Balbharti 12th Maharashtra State Board Maths Solutions Book Pdf Chapter 4 Pair of Straight Lines Ex 4.3 Questions and Answers.

## Maharashtra State Board 12th Maths Solutions Chapter 4 Pair of Straight Lines Ex 4.3

Question 1.

Find the joint equation of the pair of lines:

(i) Through the point (2, -1) and parallel to lines represented by 2x^{2} + 3xy – 9y^{2} = 0

Solution:

The combined equation of the given lines is

2x^{2} + 3 xy – 9y^{2} = 0

i.e. 2x^{2} + 6xy – 3xy – 9y^{2} = 0

i.e. 2x(x + 3y) – 3y(x + 3y) = 0

i.e. (x + 3y)(2x – 3y) = 0

∴ their separate equations are

x + 3y = 0 and 2x – 3y = 0

∴ their slopes are m_{1} = \(\frac{-1}{3}\) and m_{2} = \(\frac{-2}{-3}=\frac{2}{3}\).

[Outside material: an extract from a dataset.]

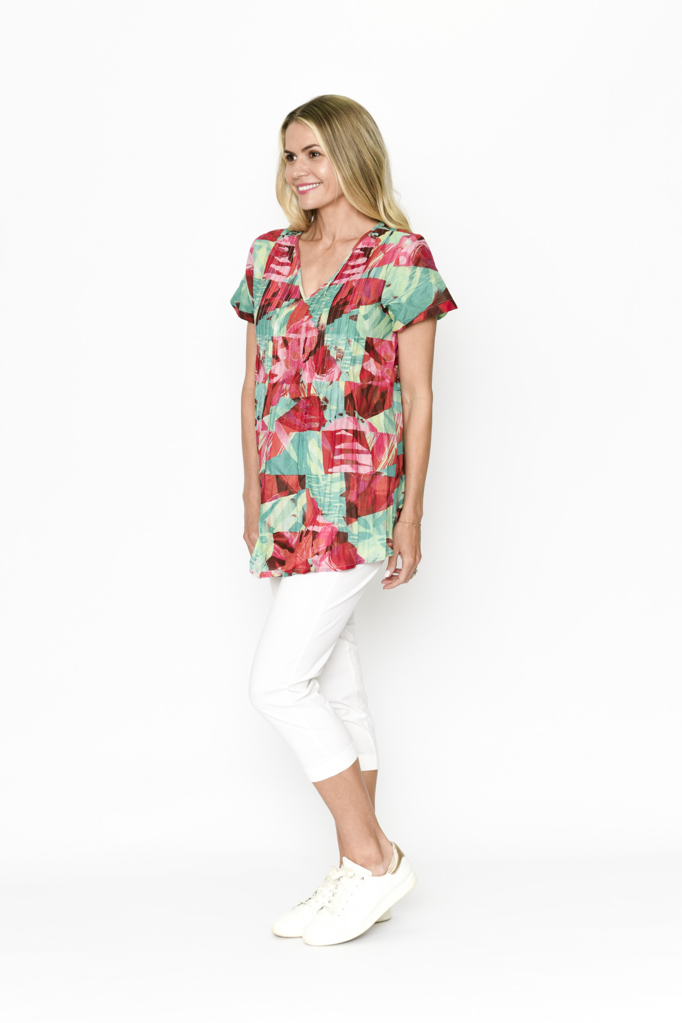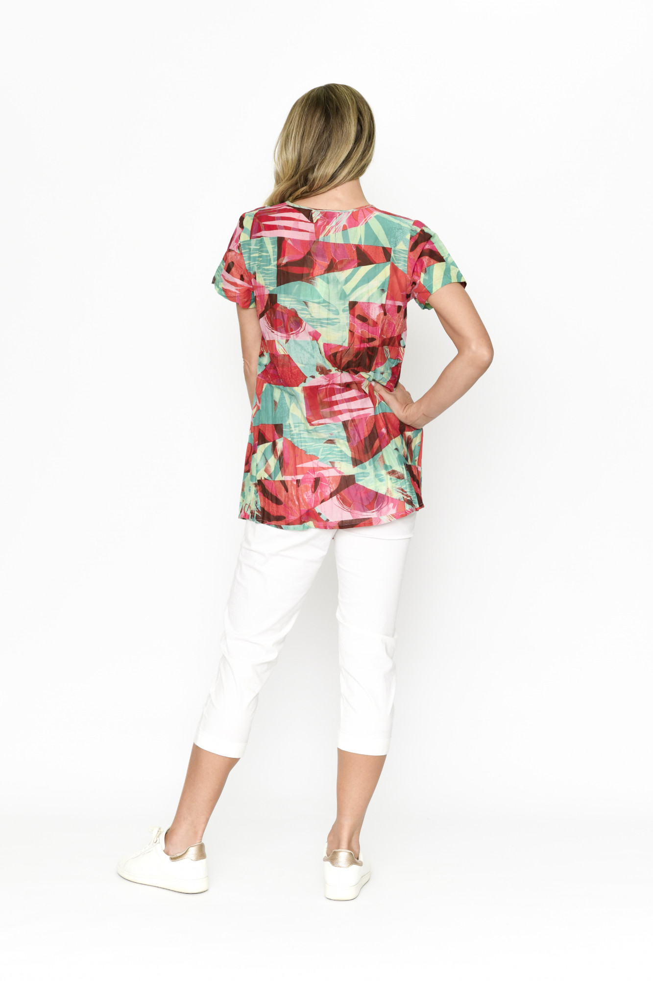 Kayla Cotton Blouse Short Sleeve Abstract Tropical 1
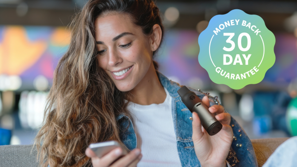 이것은 시도해볼 완벽한 기회입니다 – 만약 마음에 드신다면, 니코틴, 수증기, 연기 없이 진정하는 데 도움을 줄 새로운 가장 친한 친구를 얻게 될 것입니다. 그리고 마음에 들지 않으신다면, 쉽게 반품하고 돈을 돌려받을 수 있습니다.

The slopes of the lines parallel to these lines are m_{1} and m_{2}, i.e. \(-\frac{1}{3}\) and \(\frac{2}{3}\).

∴ the equations of the lines with these slopes and through the point (2, -1) are

y + 1 = \(-\frac{1}{3}\) (x – 2) and y + 1 = \(\frac{2}{3}\)(x – 2)

i.e. 3y + 3= -x + 2 and 3y + 3 = 2x – 4

i.e. x + 3y + 1 = 0 and 2x – 3y – 7 = 0

∴ the joint equation of these lines is

(x + 3y + 1)(2x – 3y – 7) = 0

∴ 2x^{2} – 3xy – 7x + 6xy – 9y^{2} – 21y + 2x – 3y – 7 = 0

∴ 2x^{2} + 3xy – 9y^{2} – 5x – 24y – 7 = 0.

(ii) Through the point (2, -3) and parallel to lines represented by x^{2} + xy – y^{2} = 0

Solution:

Comparing the equation

x^{2} + xy – y^{2} = 0 … (1)

with ax^{2} + 2hxy + by^{2} = 0, we get,

a = 1, 2h = 1, b = -1

Let m_{1} and m_{2} be the slopes of the lines represented by (1).

The slopes of the lines parallel to these lines are m_{1} and m_{2}.

∴ the equations of the lines with these slopes and through the point (2, -3) are

y + 3 = m_{1}(x – 2) and y + 3 = m_{2}(x – 2)

i.e. m_{1}(x – 2) – (y + 3) = 0 and m_{2}(x – 2) – (y + 3) = 0

∴ the joint equation of these lines is

[m_{1}(x – 2) – (y + 3)][m_{2}(x – 2) – (y + 3)] = 0

∴ m_{1}m_{2}(x – 2)^{2} – m_{1}(x – 2)(y + 3) – m_{2}(x – 2)(y + 3) + (y + 3)^{2} = o

∴ m_{1}m_{2}(x – 2)^{2} – (m_{1} + m_{2})(x – 2)(y + 3) + (y + 3)^{3} = 0

∴ -(x – 2)^{2} – (x – 2)(y + 3) + (y + 3)^{2} = 0 …… [By (2)]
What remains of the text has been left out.